Task item - Repeat the span of the entries below that starts at the line with "接着学生会的干事们还给每位同" and ends at the line with "Trevlig presentlåda innehållandes", nothing more. Skip the pictures.

Source data -
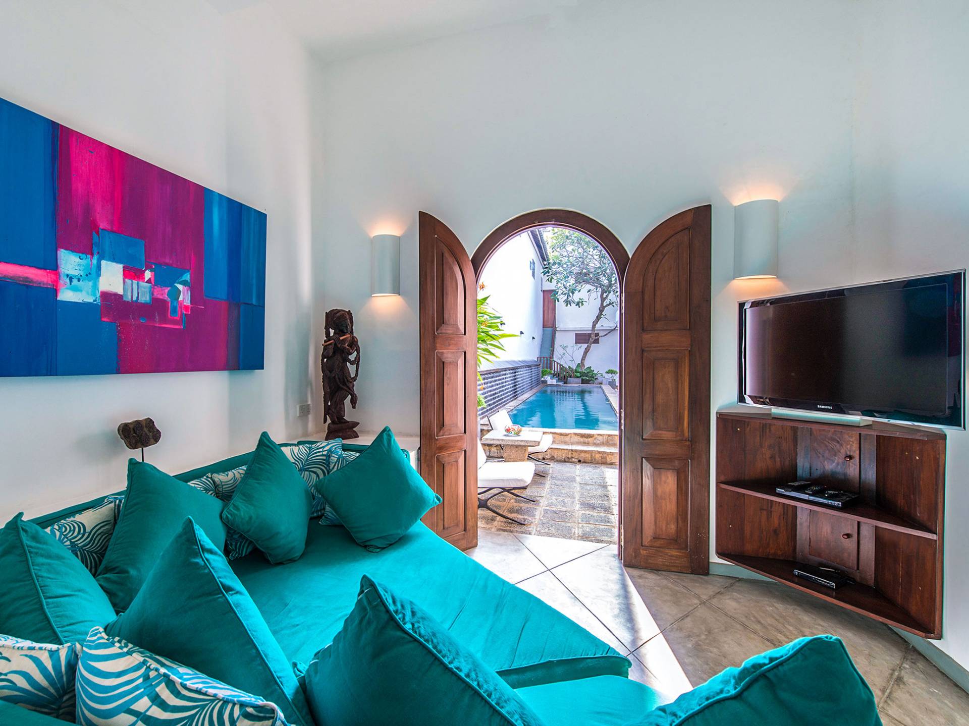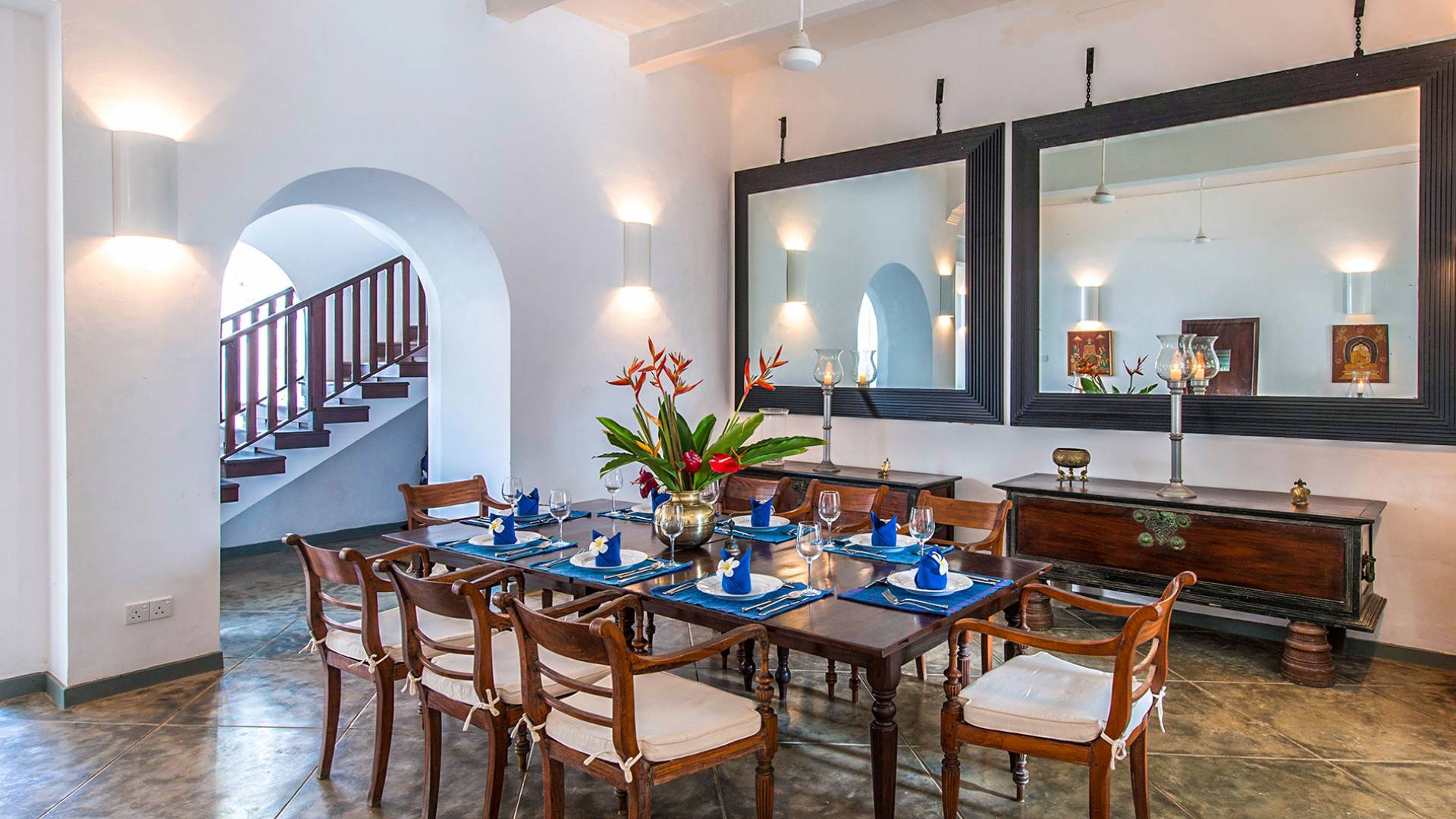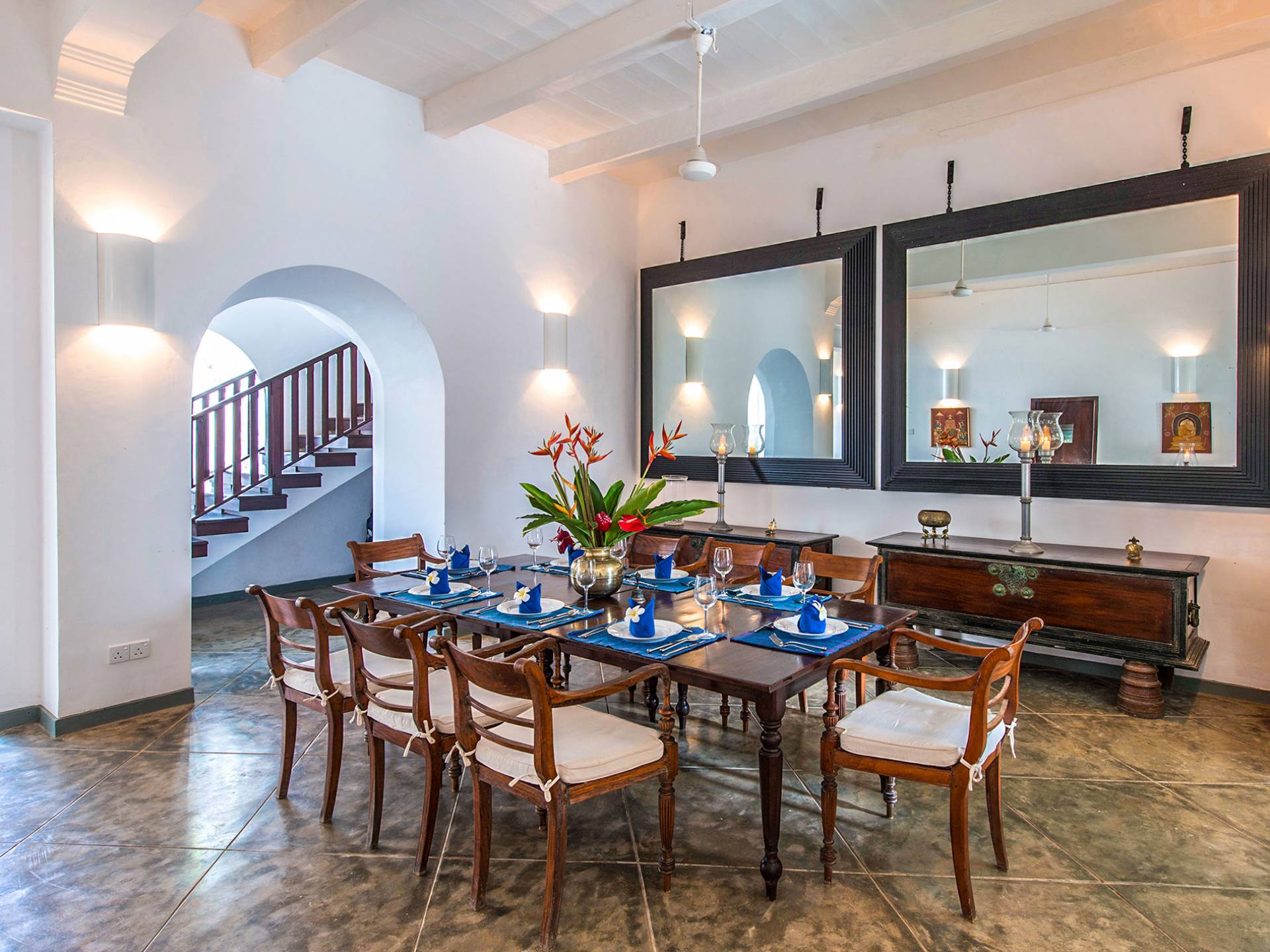 Ambassador's House Galle enjoys a harmonious blend of modern luxury amenities and classy vintage style. Buddhist artwork and the jewel-toned private pool evoke the ambiance of an enchanted exotic haven, infusing your stay with a timeless serenity. Laze in the sunlight on lounge chairs and immerse yourself into nature’s sounds. Take a deep in the pool to cool off the heat and join your loved ones for a home-catered meal in either one of the indoor or outdoor dining.
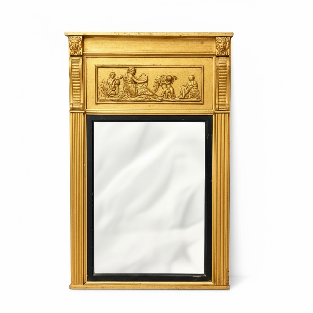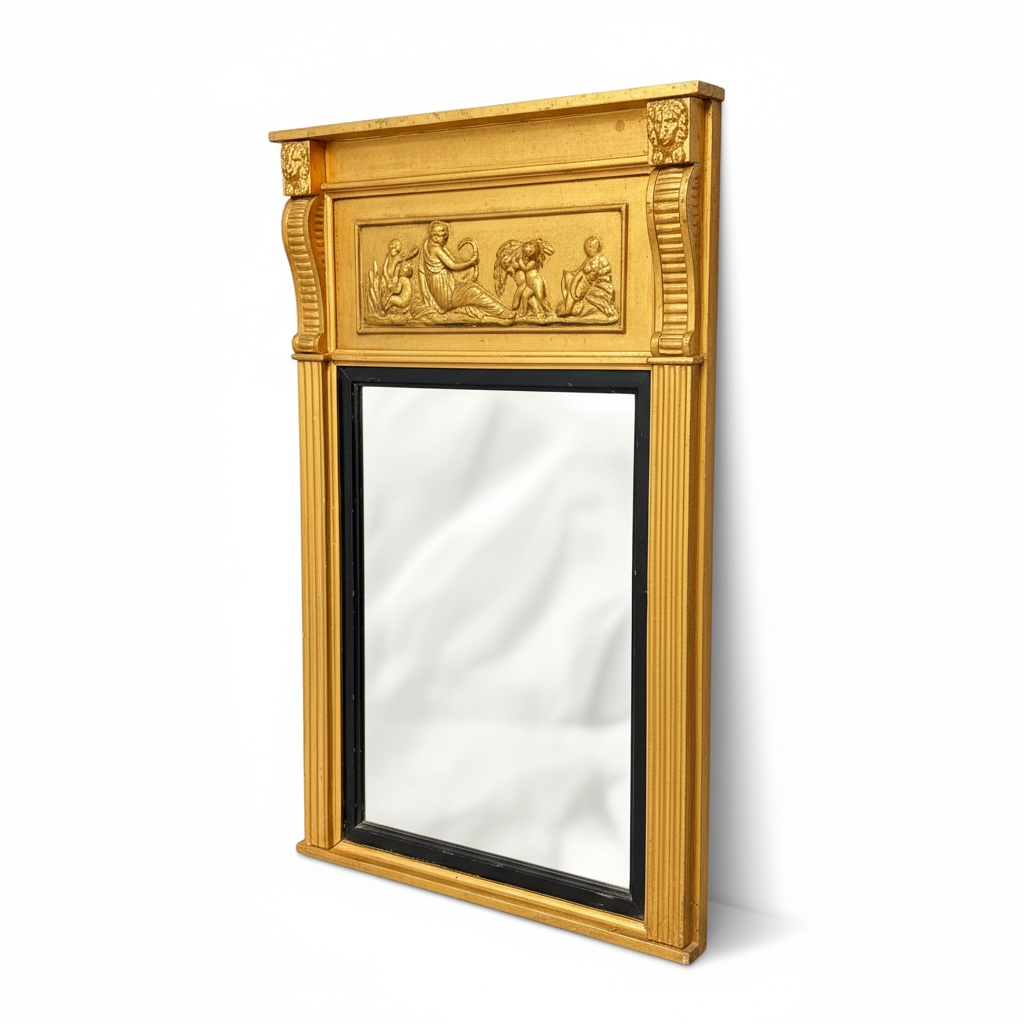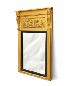 A beautifully detailed wooden mirror featuring a richly carved, gilt-finished frame crowned with a classical figural frieze. The upper panel displays a raised relief scene with flowing drapery and cherub-style figures, framed by fluted vertical columns and decorative corner blocks. A contrasting inner black border surrounds the mirror plate, adding depth and definition to the piece.
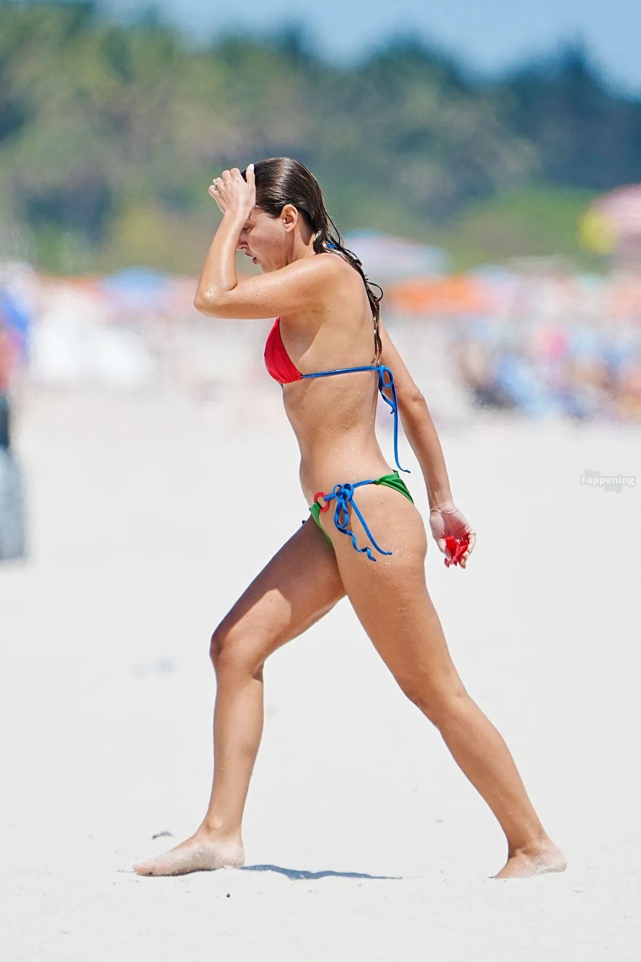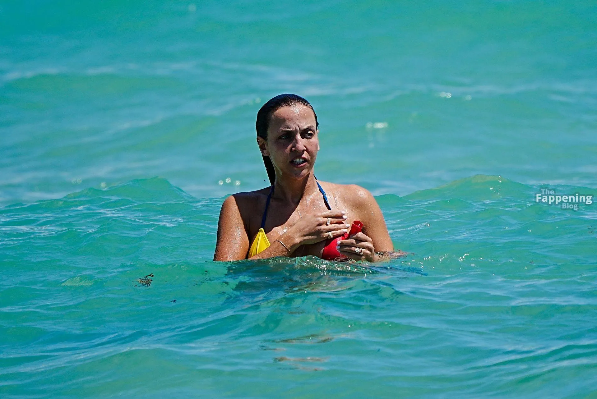 Carla Ginola was spotted soaking up the sun during a luxury holiday at a five-star hotel beach in Miami. The 31-year-old influencer and daughter of footballer David Ginola showed off her incredible figure in a tiny red, yellow, and green string bikini as she took a dip in the ocean.
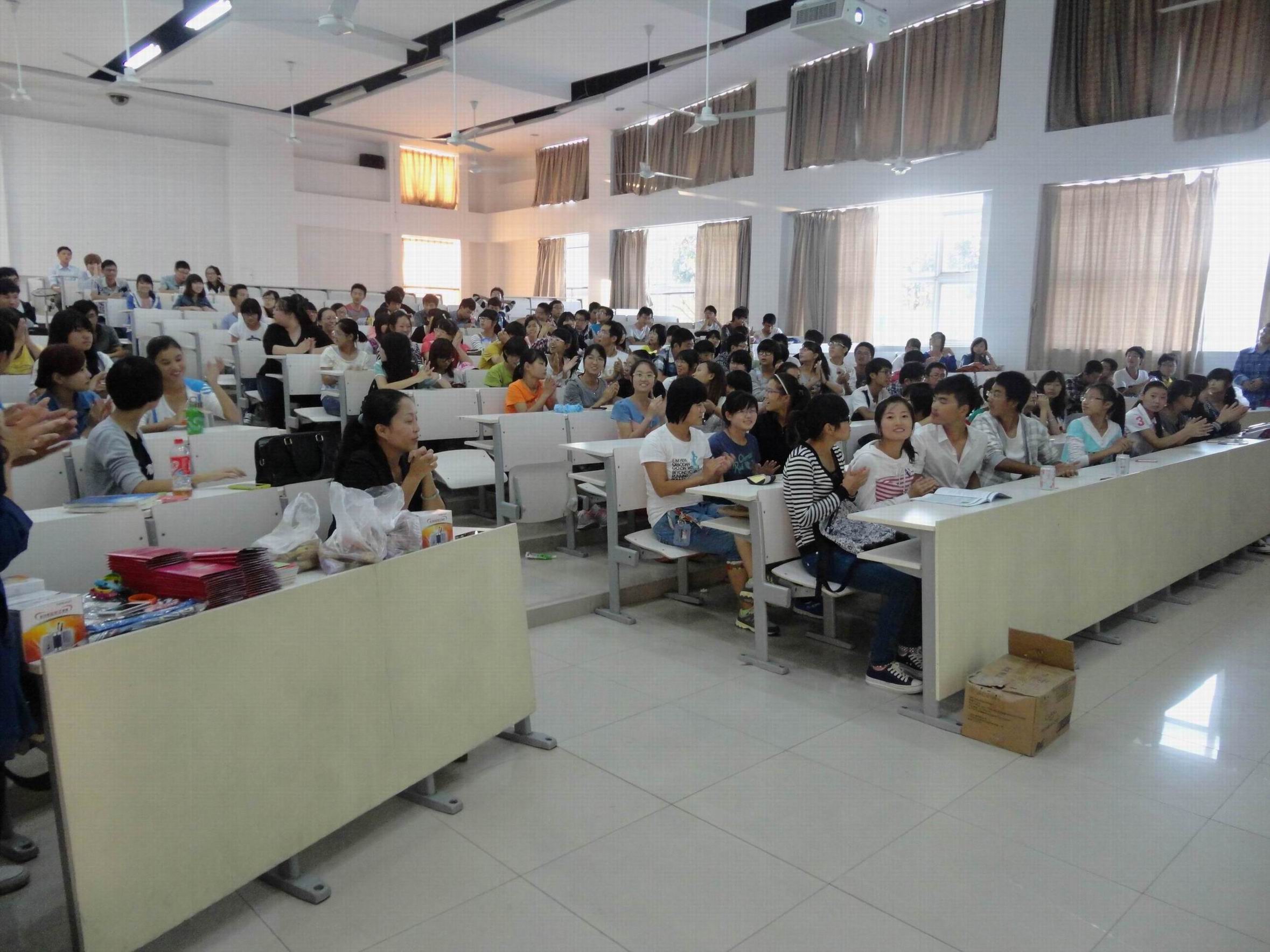 接着学生会的干事们还给每位同学分发了管理学院特有的明信片,让他们写下对远方亲人的思念之情,并由学院收齐后统一帮他们寄到家乡,寄到他们亲人的手中。此后,管理学院党委副书记虞蓉老师为同学们分发了由学院精心为同学们准备的中秋月饼和小礼品,并和坐在前排的同学们一一握手。
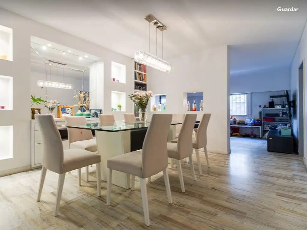 La cocina ha sido reciclada y está equipada con una ventana que da acceso a un amplio patio interno techado con vidrio, donde se encuentra una parrilla a gas, ideal para reuniones familiares. El living, con su elegante piso de piedra travertino, ofrece un ambiente luminoso y acogedor.
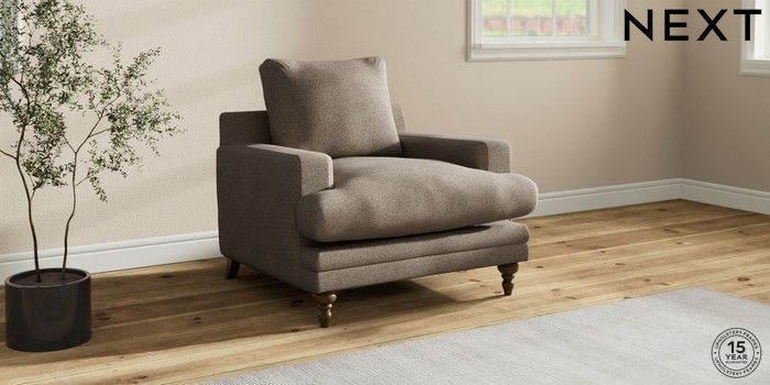 7.0.3 Buy Hutton Deep Relaxed Sit Armchair Chunky Weave Dark Natural Country Turned - Mid from the Next UK online shop Click here to use our accessible website
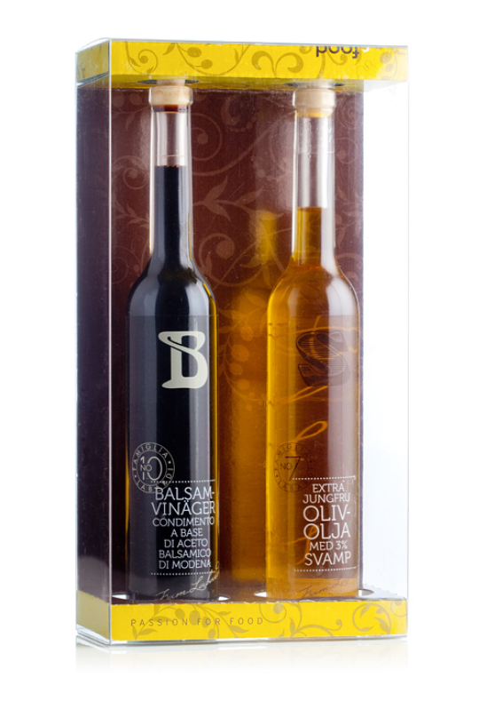 Trevlig presentlåda innehållandes olivolja och balsamvinäger från Italien:
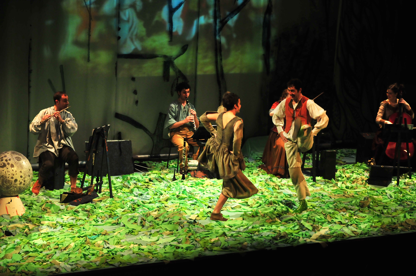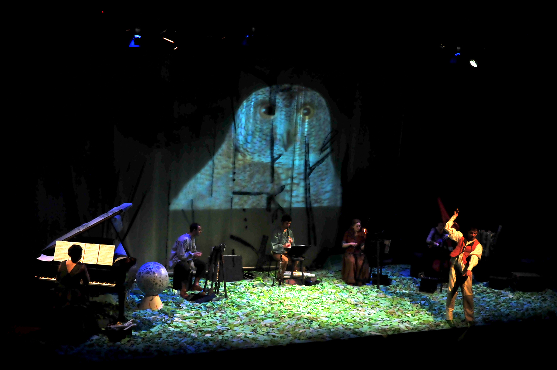Durante el espectáculo, de una hora de duración aproximadamente, se escuchan diversos sonidos que se distinguen en un mismo paraje durante el día y la noche y podremos percibir cómo estos sonidos naturales son absorbidos por instrumentos que los convierten en música de compositores extraordinarios, como Stravinsky o Béla Bartók.

Result -
 接着学生会的干事们还给每位同学分发了管理学院特有的明信片,让他们写下对远方亲人的思念之情,并由学院收齐后统一帮他们寄到家乡,寄到他们亲人的手中。此后,管理学院党委副书记虞蓉老师为同学们分发了由学院精心为同学们准备的中秋月饼和小礼品,并和坐在前排的同学们一一握手。
 La cocina ha sido reciclada y está equipada con una ventana que da acceso a un amplio patio interno techado con vidrio, donde se encuentra una parrilla a gas, ideal para reuniones familiares. El living, con su elegante piso de piedra travertino, ofrece un ambiente luminoso y acogedor.
 7.0.3 Buy Hutton Deep Relaxed Sit Armchair Chunky Weave Dark Natural Country Turned - Mid from the Next UK online shop Click here to use our accessible website
 Trevlig presentlåda innehållandes olivolja och balsamvinäger från Italien:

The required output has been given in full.